Research on the mechanism of railway ballast shear performance under various sand contents and load conditions

Abstract

Railway operation in desert areas faces unique challenges due to wind-blown sand penetration on the safety of the line. In-depth research on the impact of wind-blown sand penetration on the shear performance of the railway ballast is crucial for understanding potential problems in sandy railways and formulating effective maintenance strategies. This paper conducts a series of direct shear tests under various sand contents and load conditions using an independently developed automatic control loading direct shear test apparatus suitable for railway ballast. By accurately considering the interaction between sand and ballast particles, some direct shear numerical models of different sand-containing ballast boxes based on refined particle simulation are established based on the discrete element method (DEM) and particle scaling method, exploring the variation in shear strength, shear deformation, contact relationships, and rotational characteristics of railway sand-containing ballast from macroscopic and microscopic perspectives. The results show that with the increase in shear strain, the shear stress of the ballast with various sand contents increases first and then tends to stabilize, and the phenomenon of dilation occurs in all cases.
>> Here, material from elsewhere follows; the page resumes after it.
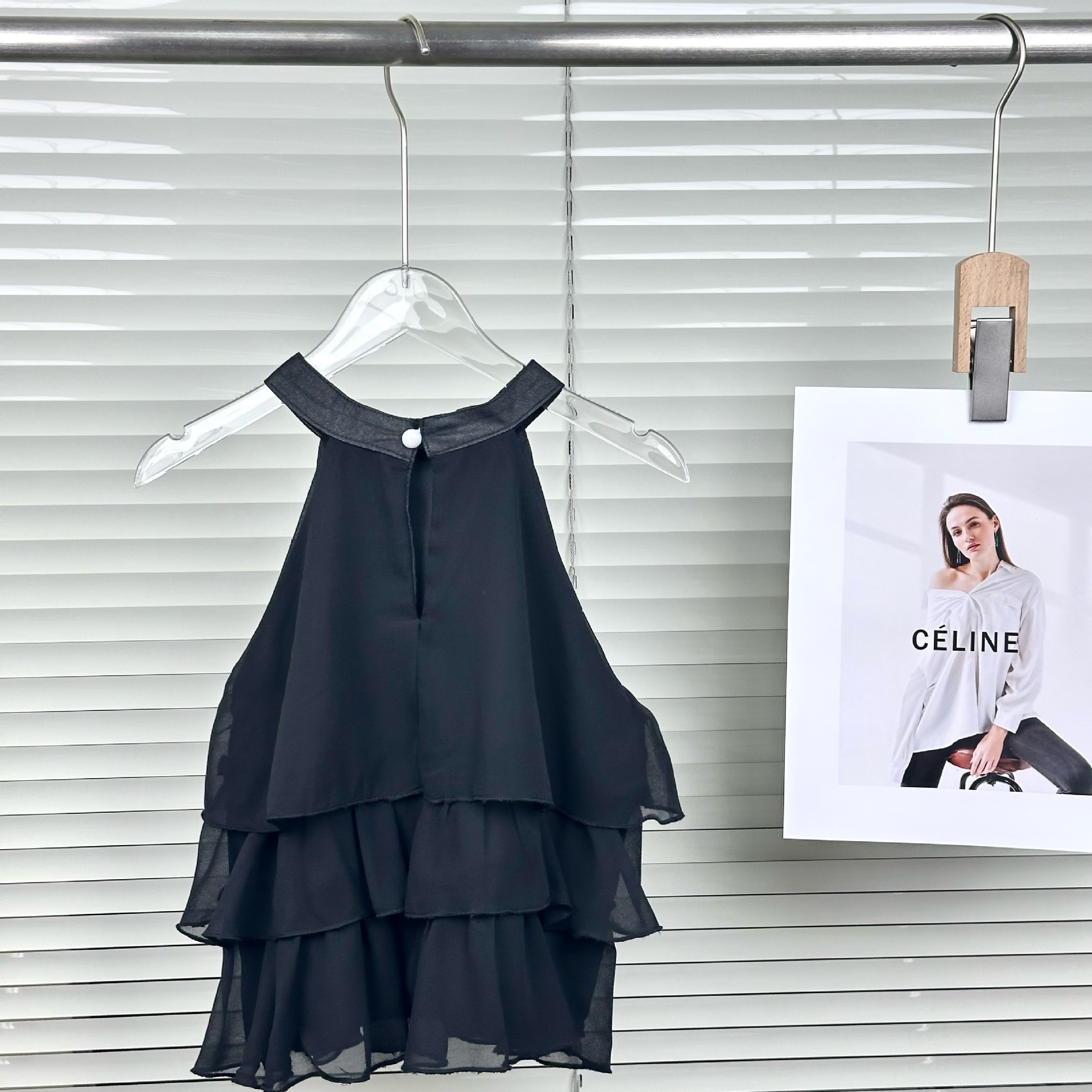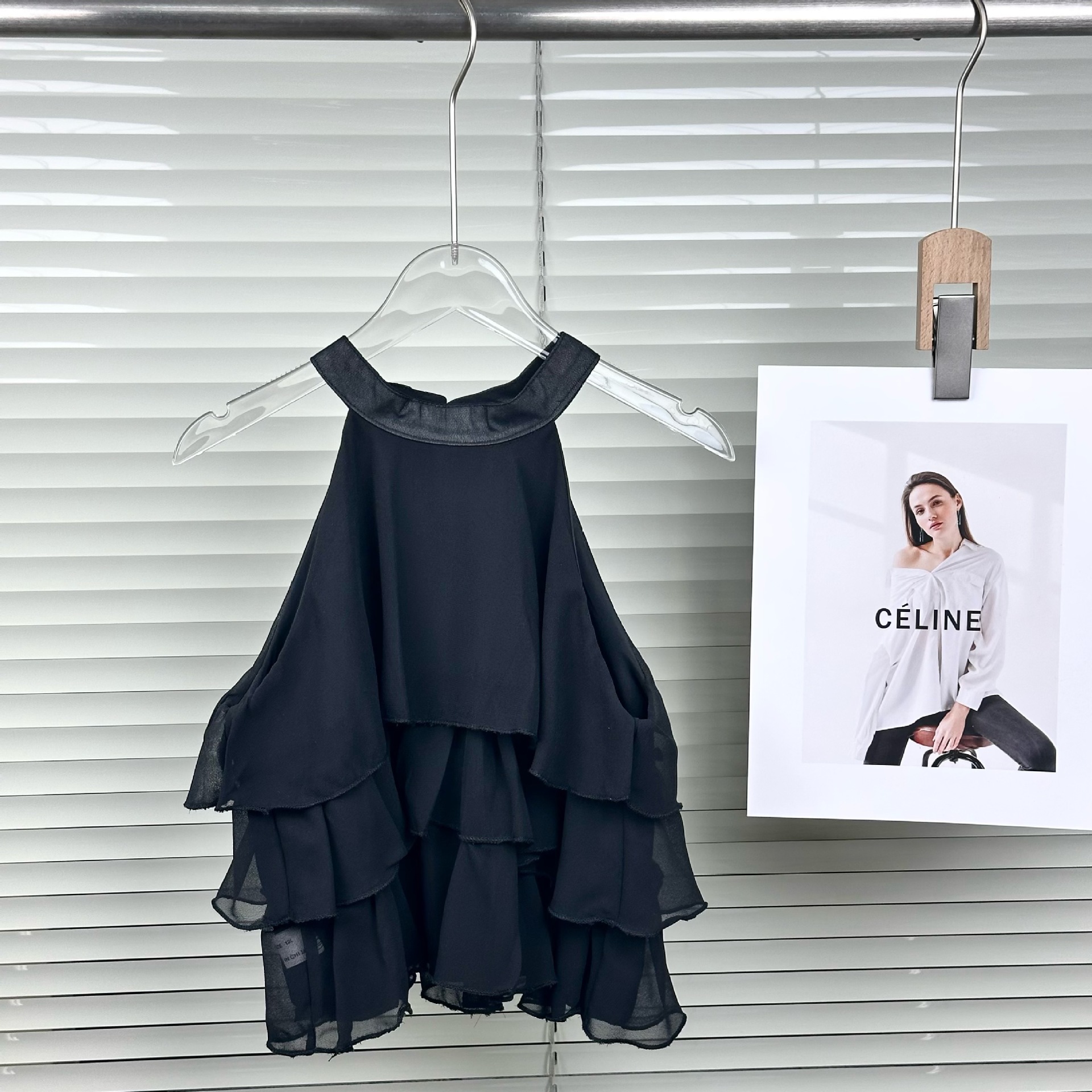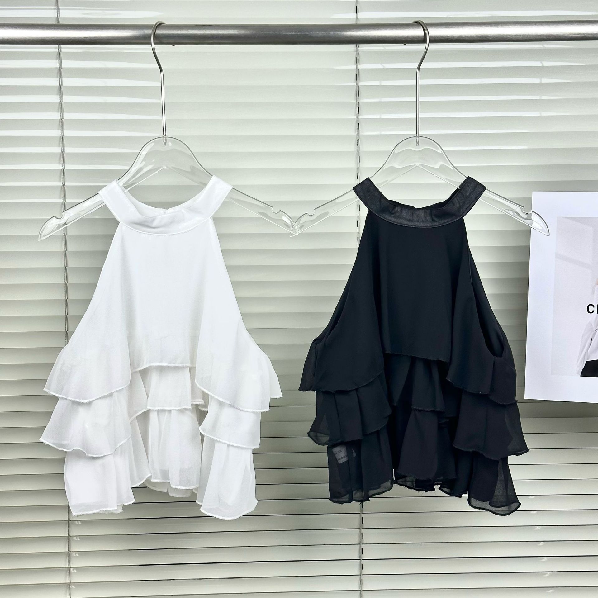 여자 여름 새로운 홀터넥 드레스 2025 한국어 버전 새로운 쉬폰 작은 향기로운 스타일 홀터넥 쉬폰 조끼 멜빵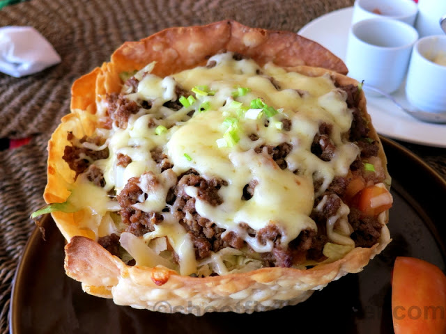 I enjoyed my salad a lot. The oodles of melted cheese definitely added tons of flavor. The ground beef was very flavorful and with the tomato salsa in the salad I didn’t add any more dressing or condiments. I specially liked the thin and crunchy taco shell. I’m sure this wasn’t a healthy salad but what the heck I was on vacation!

When the normal load is constant, the shear strength and cohesion of the ballast show a trend of first decreasing and then increasing with the increase in sand content. The wind-blown sand penetration inhibits the rotational deformation during shearing, enhancing particle aggregation. With the increase in sand content, the contact coordination number, powerful force chain number, and total force chain number all increase continuously. However, the average contact force shows a trend of gradually decreasing and then increasing. This study provides theoretical support and experimental backing for the operation and maintenance of the ballast bed in sandy railways.